Sul versante sindacale si sviluppò qualche tentativo per contrastare quello di stato di cose come fu,ad esempio, il varo, effimero, dei Consigli di Zona unitari ma il peso della “tripartizione dall’alto” li vanificò presto: in provincia, alla prima riunione nella quale si avanzò – ad esempio – un’idea d’appoggio al movimento dell’autoriduzione delle bollette – il C.U.Z. non fu più riunito e non si svolse alcun incontro successivo.

Egualmente, dal punto di vista della società, il movimento dei Consigli di Quartiere (che pure ebbe occasione di dar prova di grande capacità di mobilitazione in momenti di particolare difficoltà come quelli legati al terrorismo) fu presto inquadrato nella logica del sistema politico e non fu mai sciolto il nodo tra l’ essere il consiglio espressione diretta dei bisogni sociali oppure di un livello ulteriormente decentrato dell’amministrazione pubblica. La legge del 1976 stabilendo la nascita delle circoscrizioni da eleggere su liste di partito suggellò la chiusura dell’esperimento dei consigli di quartiere.
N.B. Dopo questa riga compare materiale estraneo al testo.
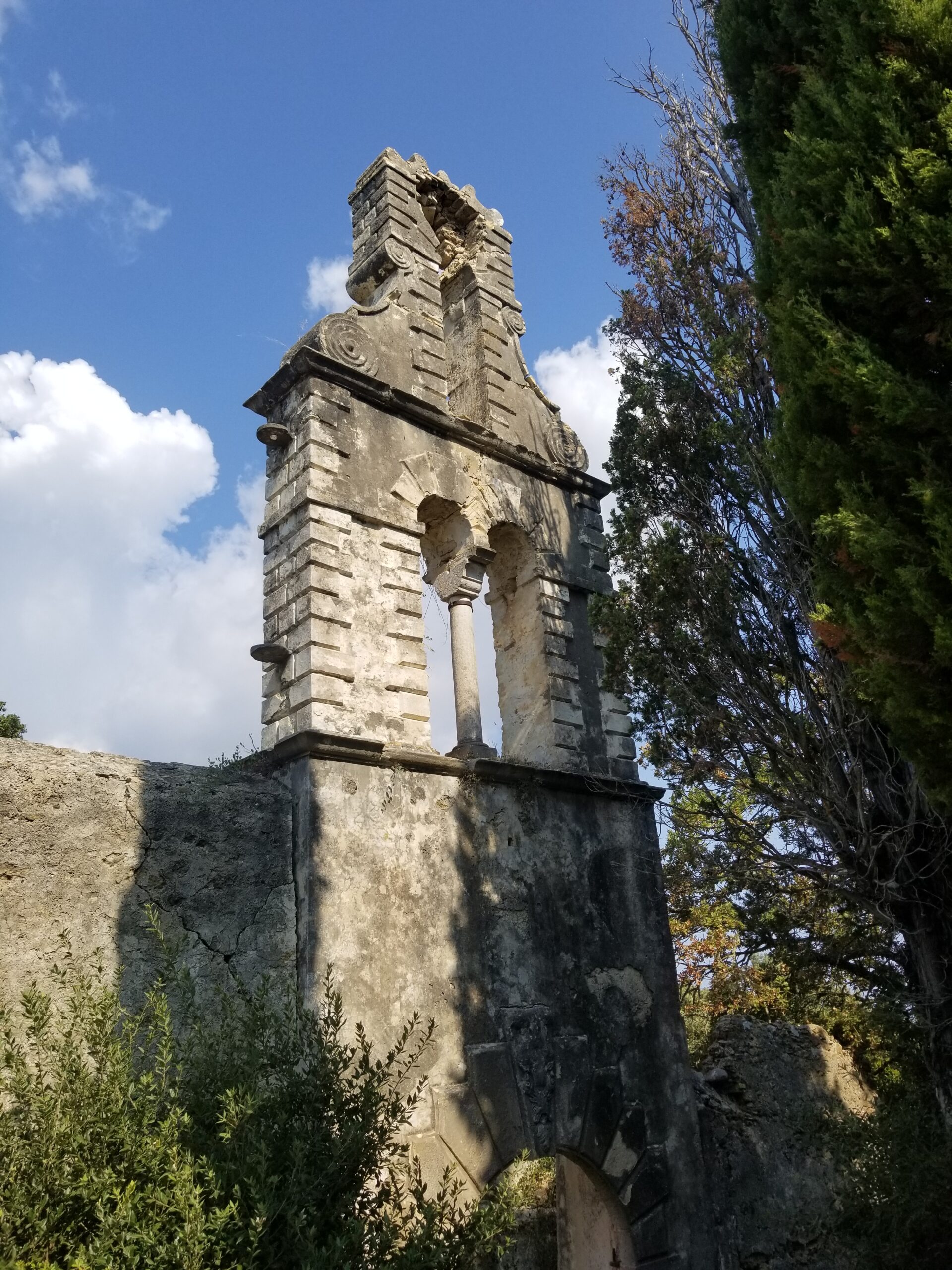 On the back side of the monastery, you can see the bell tower, characteristic of all churches in Corfu. The bell tower is separated from the church and is usually part of the fence, which in this case is the defensive wall.

Ho sviluppato una ricostruzione sicuramente schematica e abborracciata, tesa soltanto a dimostrare che in quel tempo non fu posto il tema di fondo dei “consigli” come soggetto portante della costruzione di una blocco storico nuovo, come base di una saldatura sociale tra soggettività “storiche” e soggettività emergenti (dall’operaio – massa, alla studente – proletario: dalle femministe agli intellettuali capaci di rompere il quadro accademico consolidato).

 L’espressione di una coerente critica alla modernità avrebbe forse reso possibile questo processo coinvolgendo ciò che stava avvenendo in fabbrica e ciò che stava mutando nella quotidianità.
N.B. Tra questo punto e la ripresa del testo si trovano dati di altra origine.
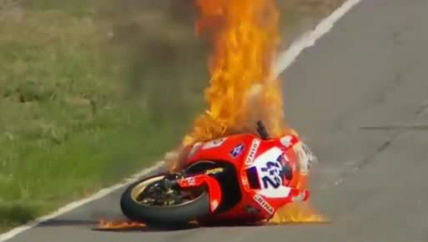 Cuando la moto número 42 tomó fuego, Medina rápidamente se bajó y se encuentra en buen estado.

Emerse invece proprio un limite di capacità critica e si arrestò la possibilità di esercitare un’estensione concreta della lotta di classe portata fino alla modifica delle espressioni politiche tradizionali.

Dei “se” e dei “ma” però “son piene le fosse”.
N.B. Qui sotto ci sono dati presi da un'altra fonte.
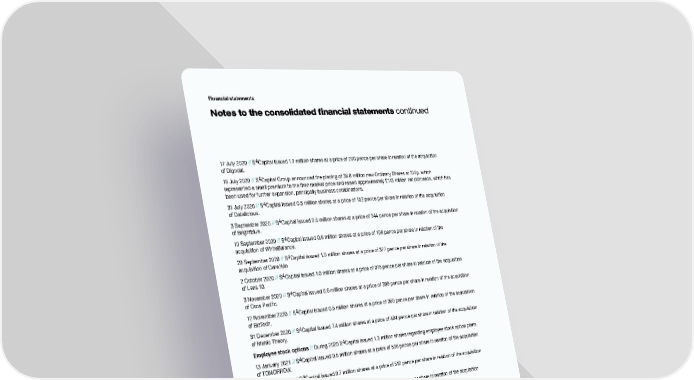Financial statements N otes to the consolidated financial statements continued 17 July 2020 // S4Capital issued 1.1 million shares at a price of 200 pence per share in relation of the acquisition of Digodat. 16 July 2020 // S4Capital Group announced the placing of 36.8 million new Ordinary Shares at 315p, which represented a small premium to the then market price and raised approximately £113 million net proceeds, which has been used for further expansion, principally business combinations. 31 July 2020 // S4Capital issued 0.5 million shares at a price of 152 pence per share in relation of the acquisition of Datalicious. 3 September 2020 // S4Capital issued 0.5 million shares at a price of 344 pence per share in relation of the acquisition of Brightblue. 10 September 2020 // S4Capital issued 0.6 million shares at a price of 198 pence per share in relation of the acquisition of WhiteBalance. 29 September 2020 // S4Capital issued 1.0 million shares at a price of 377 pence per share in relation of the acquisition of Dare.Win 2 October 2020 // S4Capital issued 1.0 million shares at a price of 316 pence per share in relation of the acquisition of Lens 10. 3 November 2020 // S4Capital issued 0.6 million shares at a price of 389 pence per share in relation of the acquisition of Orca Pacific. 12 November 2020 // S4Capital issued 0.5 million shares at a price of 369 pence per share in relation of the acquisition of BizTech. 31 December 2020 // S4Capital issued 7.4 million shares at a price of 494 pence per share in relation of the acquisition of Metric Theory. Employee stock options // During 2020 S4Capital issued 1.3 million shares regarding employee stock option plans. 13 January 2021 // S4Capital issued 0.5 million shares at a price of 536 pence per share in relation of the acquisition of TOMORROW. 22 January 2021 // S4Capital issued 0.7 million shares at a price of 512 pence per share in relation of the acquisition of STAUD. 16 April 2021 // S4Capital issued 0.7 million shares at a price of 580 pence per share in relation of the acquisition of WhiteBalance. 19 April 2021 // S4Capital issued 0.6 million shares at a price of 570 pence per share in relation of the acquisition of Digodat. 6 May 2021 // S4Capital issued 0.7 million shares at a price of 580 pence per share in relation of the acquisition of IMAgency. 10 May 2021 // S4Capital issued 3.1 million shares at a price of 566 pence per share in relation of the acquisition of Jam3. 30 July 2021 // S4Capital issued 0.2 million shares at a price of 694 pence per share in relation of the acquisition of Destined. 2 August 2021 // S4Capital issued 0.04 million shares at a price of 706 pence per share in relation of the acquisition of Digodat. 18 August 2021 // S4Capital issued 0.07 million shares at a price of 720 pence per share in relation of the acquisition of TOMORROW. 13 September 2021 // S4Capital issued 1.9 million shares at a price of 791 pence per share in relation of the acquisition of Cashmere. 21 September 2021 // S4Capital issued 1.6 million shares at a price of 804 pence per share in relation of the acquisition of Zemoga. 24 September 2021 // S4Capital issued 0.8 million shares at a price of 805 pence per share in relation of the acquisition of Jam3. 154 S4Capital Annual Report and Accounts 2021

Si rientrò allora molto presto nell’ambito dello schema elettoralistico, della logica delle alleanze: si registrarono momenti fondamentali di modernizzazione nella vita civile del Paese ma alla fine fu delegato al “Governo” il processo di adeguamento ai nuovi tempi della società e della politica italiana.

Una logica di “Governo diverso”, di caduta della “conventio ad excludendum”, di inclusione del blocco sociale di riferimento dentro al gioco dettato dall’autonomia del politico.

Nel prosieguo di quella stagione, dentro gli anni’70 inoltrati, si ebbero ancora sussulti e ci fu chi cercò di organizzarli, si vissero momenti di grande tensione ma logica dominante era ormai quella dell’emergenza.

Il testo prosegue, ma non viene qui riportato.